About this task: Leaving out the pictures, print exactly the lines from the one holding "This vibrant and" to the last line of the entries below, both included, and nothing more.

Task material:
********************

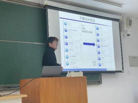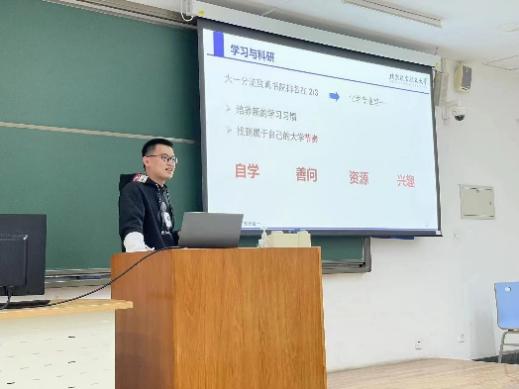 他首先讲述了“不过分否定”和“不过分肯定”的健康心态,其中着重讲述自己在进入77779193永利后找到了人生目标,不断奋斗并成功逆袭的故事,为刚遭受期中考试成绩打击的同学们提供了安慰,肯定与鼓励,接着,他从目标、学习、科研、娱乐几个方面进行分享,其中慕课自学、文献阅读等方法让同学们获益匪浅。
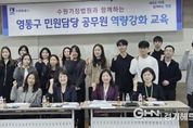 경기헤드뉴스 권준형 기자 | 수원시 영통구는 지난 25일, 영통구청 상황실에서 구청 및 12개 동 민원 담당 공무원을 대상으로 수원가정법원과 함께하는 역량 강화 교육을 실시했다. 이날 특별 초빙된 수원가정법원 박민숙 사무관과 유신임 행정관은 갈수록 복잡하고 다양해지는 가족관계등록사무를 개념부터 관련 법령까지 체계적으로 교육했으며, 업무처리 시 유용한 노하우 공유, 질의응답 등의 시간도 마련했다. 특히 실무에서 자주 접하는 기본적이고 중요한 사례 중심으로 민원 담당자들이 이해하기 쉽게 교육을 통해 실무의 어려움을 해소하고, 신속하고 정확한 업무 처리에 대한 자신감을 높였다. 장수석 영통구청장은“가족관계등록부는 국민의 신분과 정체성을 증명하는 유일한 공적 자료로, 직원들의 전문성 부족이 시민들의 불편으로 이어지지 않도록 수원가정법원과 함께 민원담당 공무원의 역량 강화에 최선을 다하겠다”고 밝혔다. 영통구는 앞으로도 직원들의 전문성과 자신감을 강화하여 수준 높은 민원행정 서비스를 실현해 나갈 계획이다.
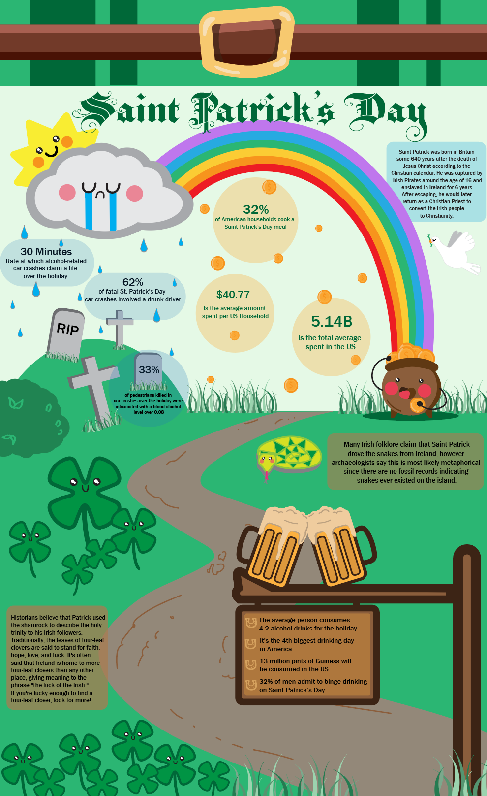This vibrant and engaging infographic aims to transport you to the heart of Saint Patrick's Day celebrations, while not always sunshine and rainbows. Set on a backdrop of lush green, the design draws inspiration from the iconic landscapes of Ireland. The infographic showcases the story of Saint Patrick and the good, bad, and ugly surrounding the holiday.
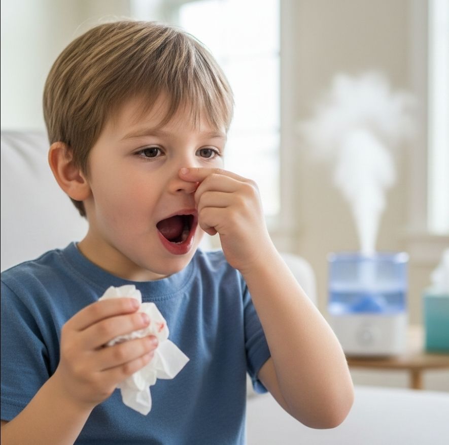 2) Humidification: Using a cool-mist humidifier, especially in the child’s bedroom during dry seasons or low-humidity conditions.
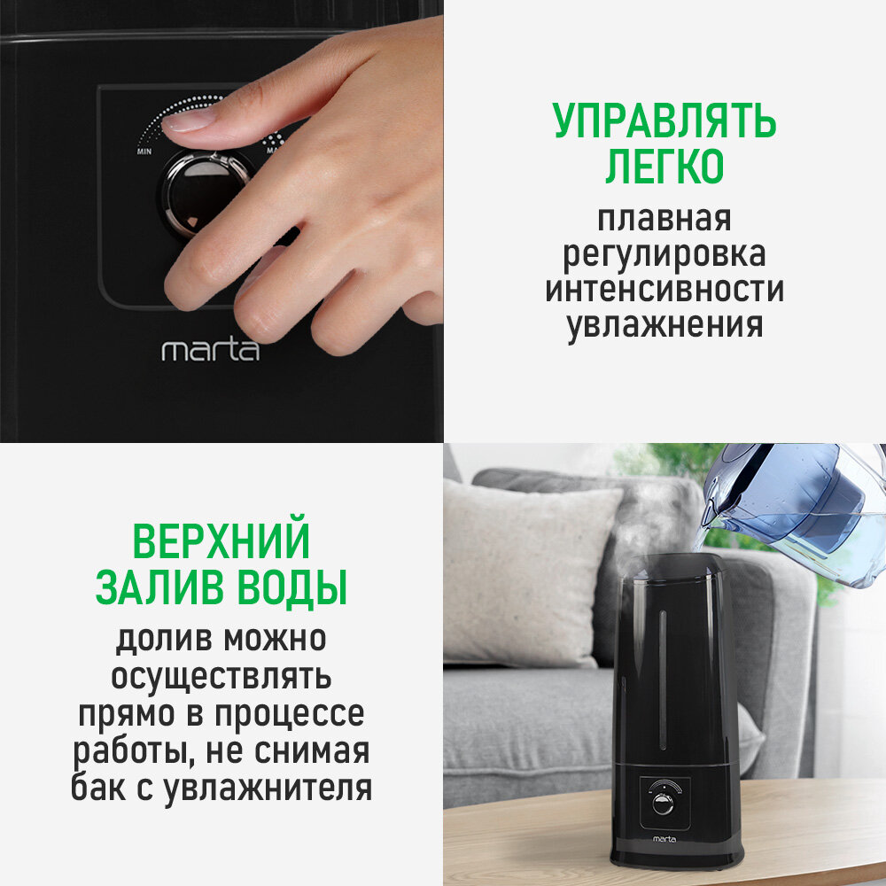 Увлажнитель воздуха ультразвуковой MARTA MT-HF4706A антивирусная УФ - лампа черный

********************

Output for this task:
This vibrant and engaging infographic aims to transport you to the heart of Saint Patrick's Day celebrations, while not always sunshine and rainbows. Set on a backdrop of lush green, the design draws inspiration from the iconic landscapes of Ireland. The infographic showcases the story of Saint Patrick and the good, bad, and ugly surrounding the holiday.
 2) Humidification: Using a cool-mist humidifier, especially in the child’s bedroom during dry seasons or low-humidity conditions.
 Увлажнитель воздуха ультразвуковой MARTA MT-HF4706A антивирусная УФ - лампа черный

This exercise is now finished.